> **Collected material**:
• • •

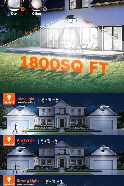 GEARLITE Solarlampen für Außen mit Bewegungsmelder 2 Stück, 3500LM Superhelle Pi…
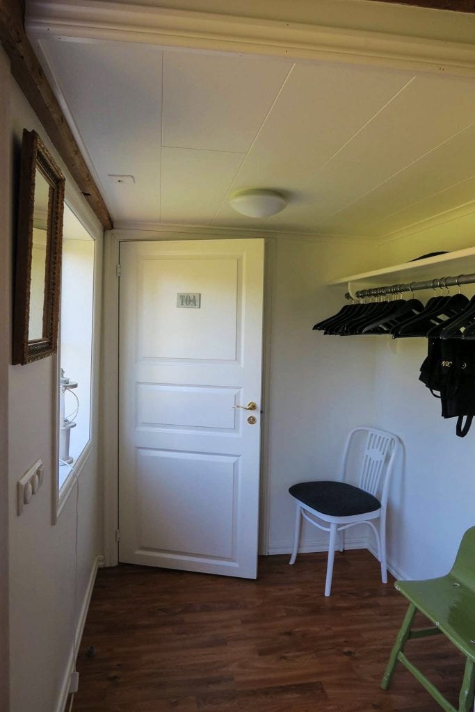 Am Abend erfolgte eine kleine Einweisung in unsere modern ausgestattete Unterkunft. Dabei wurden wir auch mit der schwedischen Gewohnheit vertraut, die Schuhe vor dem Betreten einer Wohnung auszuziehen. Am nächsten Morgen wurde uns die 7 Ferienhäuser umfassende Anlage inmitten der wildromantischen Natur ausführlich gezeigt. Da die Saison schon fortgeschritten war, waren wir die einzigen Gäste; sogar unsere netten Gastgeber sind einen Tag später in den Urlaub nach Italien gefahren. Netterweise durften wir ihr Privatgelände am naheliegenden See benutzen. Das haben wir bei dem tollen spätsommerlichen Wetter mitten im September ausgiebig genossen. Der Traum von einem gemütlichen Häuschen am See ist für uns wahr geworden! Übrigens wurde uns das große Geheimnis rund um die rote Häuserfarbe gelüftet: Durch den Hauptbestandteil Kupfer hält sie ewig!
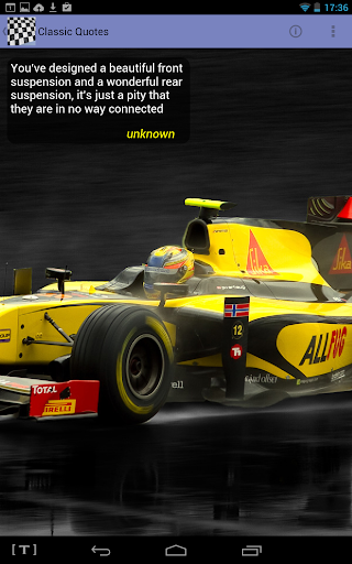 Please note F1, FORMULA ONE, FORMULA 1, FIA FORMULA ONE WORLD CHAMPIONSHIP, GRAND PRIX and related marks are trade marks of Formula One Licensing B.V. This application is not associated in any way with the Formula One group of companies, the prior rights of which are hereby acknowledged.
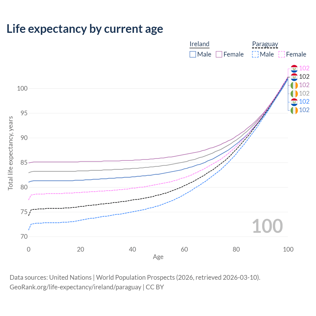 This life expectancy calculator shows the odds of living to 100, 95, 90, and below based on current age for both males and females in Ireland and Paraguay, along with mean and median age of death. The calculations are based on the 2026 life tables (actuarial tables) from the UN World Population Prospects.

• • •

> **Task directions**:
Only the lines from the line holding "Please note F1, FORMULA" through the last line above belong in the answer, repeated exactly; the pictures do not.

> **Output for this exercise**:
 Please note F1, FORMULA ONE, FORMULA 1, FIA FORMULA ONE WORLD CHAMPIONSHIP, GRAND PRIX and related marks are trade marks of Formula One Licensing B.V. This application is not associated in any way with the Formula One group of companies, the prior rights of which are hereby acknowledged.
 This life expectancy calculator shows the odds of living to 100, 95, 90, and below based on current age for both males and females in Ireland and Paraguay, along with mean and median age of death. The calculations are based on the 2026 life tables (actuarial tables) from the UN World Population Prospects.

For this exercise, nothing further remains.